Estimote Beacon Evaluation

Beacon Testing

This week we got our test app working and then began our first test of the estimote beacons. We wanted to test how different the x and y coordinates were on the android app in comparison to the actual positions.

Method

The phone was positioned 1.35 meters from the ground (the height of the beacons) using a tripod. We took measurements at meter intervals across the room, taking three measurements at each position. To take a measurement we opened our test app and waited for the reading to stabilise. We then closed and reopened the app in order to reset the app fully, to then take further measurements.
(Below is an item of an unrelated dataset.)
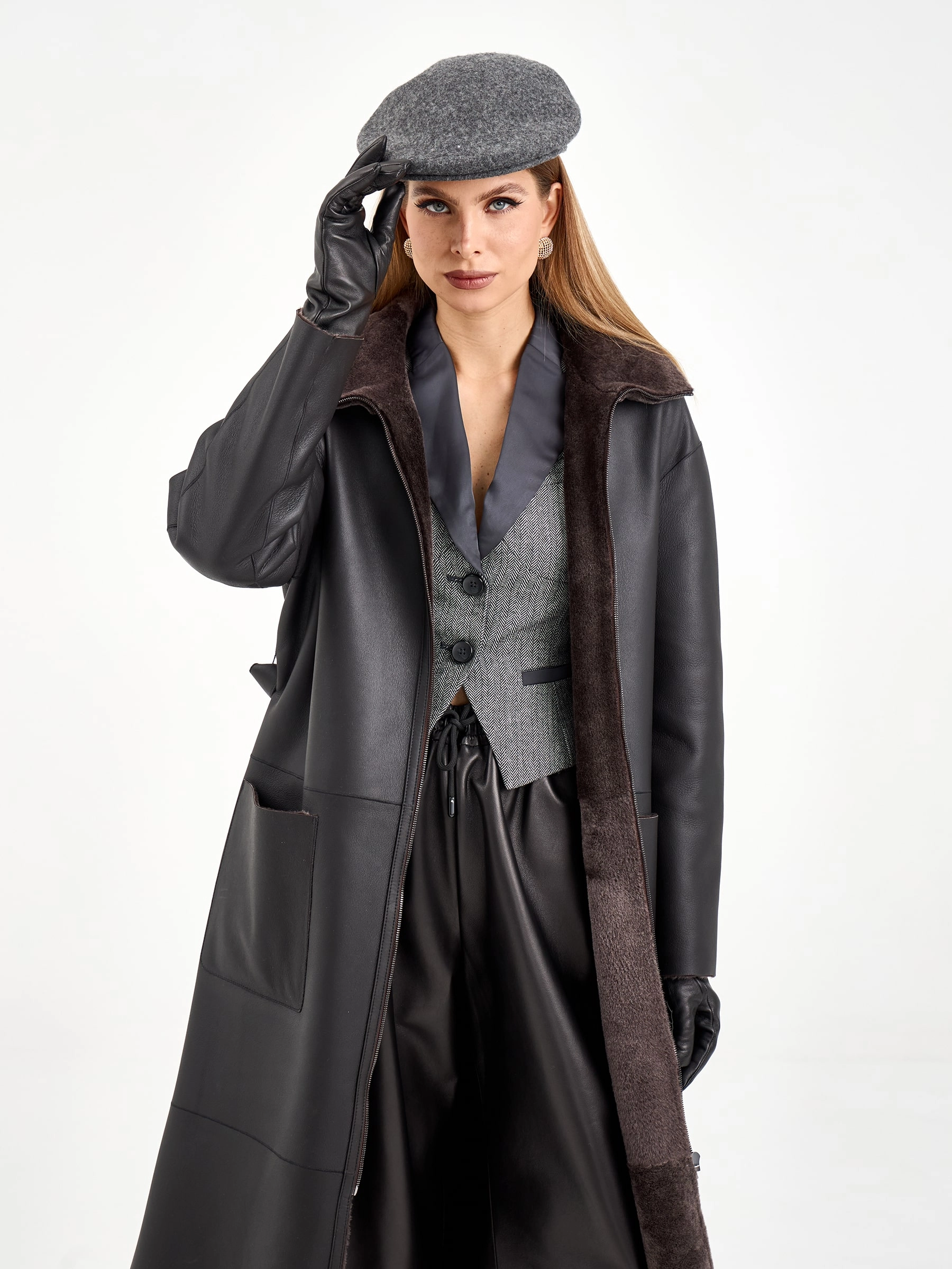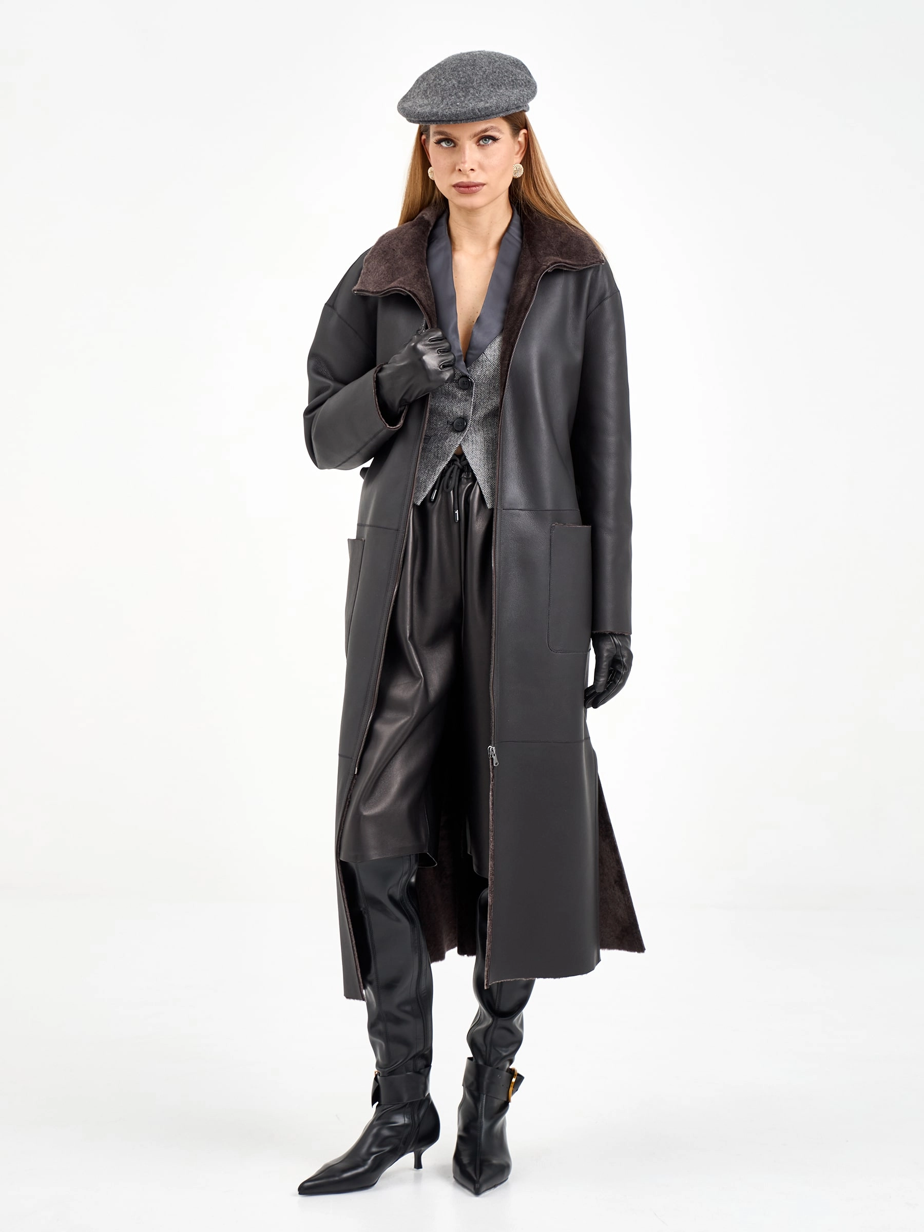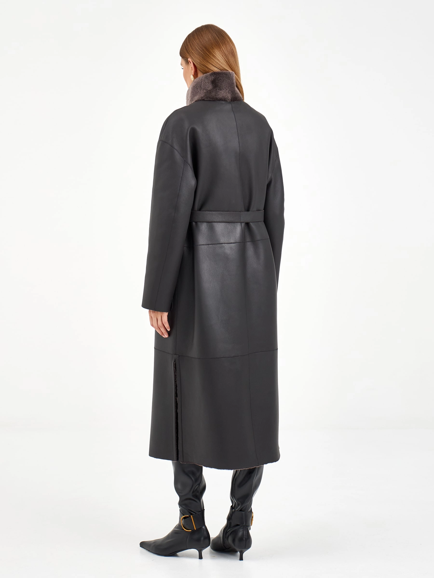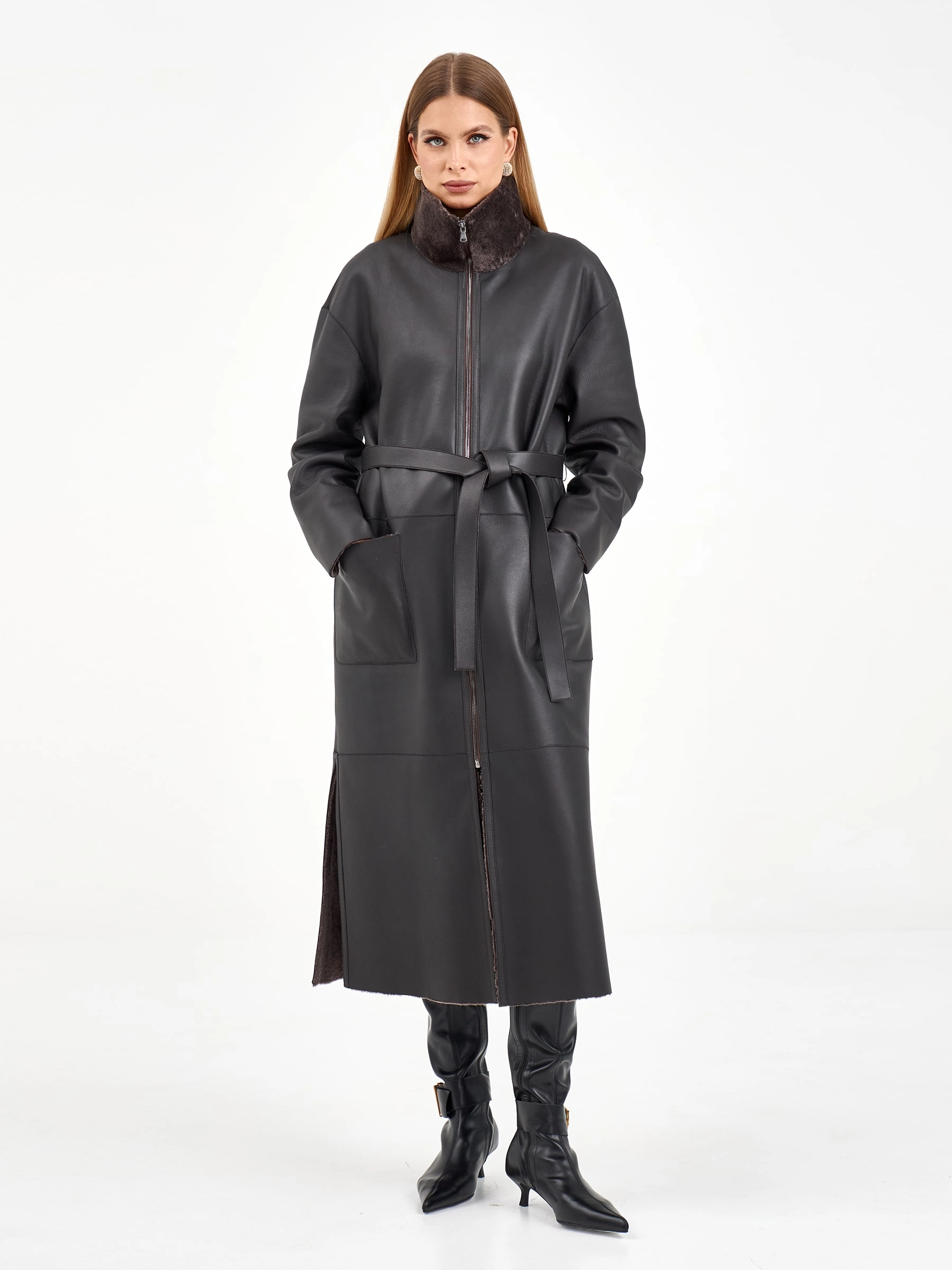 Элегантная модель прямого кроя с боковыми разрезами и длинным поясом, который подчеркивает талию. Глубокий капюшон и спущенный рукав создают современный силуэт, а накладные карманы добавляют практичности. Стилисты рекомендуют носить с узкими джинсами, водолазкой и ботинками челси для создания стильного образа с ноткой уверенности — идеальный вариант для повседневной носки с элементами городского драйва и расслабленной грации.

The difference between the sensor and actual x and y positions were calculated for each testing position by subtracting the actual value from the test value. Frequency plots were made to gauge the accuracy and precision of the sensors to locate the mobile device in the x- and y-axes separately


For the next analysis, we calculated the mean of the three measurements at each position and then calculated the difference from the actual position. Heatmaps of the x and y differences were plotted independently to see the accuracy of x and y position detection.


Pythagoras’ theorem was then used to work out the absolute distance between the test and actual values. These were then plotted as a heatmap in order to map out the overall accuracy of the sensor.


Results and Discussion

The histograms in Figure 1. have broad shapes which indicate that the beacons are not very precise for both the x- and y-axes. Only 21% of the x values are +/- 0.25 meters from the actual positions and 46% are between +/- 0.75 meters. For the y values 21% are +/- 0.25 meters and 40% are +/- 0.75 meters. The x values are distributed evenly around zero which indicates that with multiple measurements these beacons can detect your position accurately. It is important to note that this distribution is achieved with 90 measurements which is not how this technology is intended to be used. The y values are distributed less evenly and centred closer to 0.5. As for the x values, the number of y measurements plotted far exceeds a realistic use of the estimote beacons. Overall the beacons are not very precise and while they approach accuracy with multiple measurements, they are not very accurate with realistic use.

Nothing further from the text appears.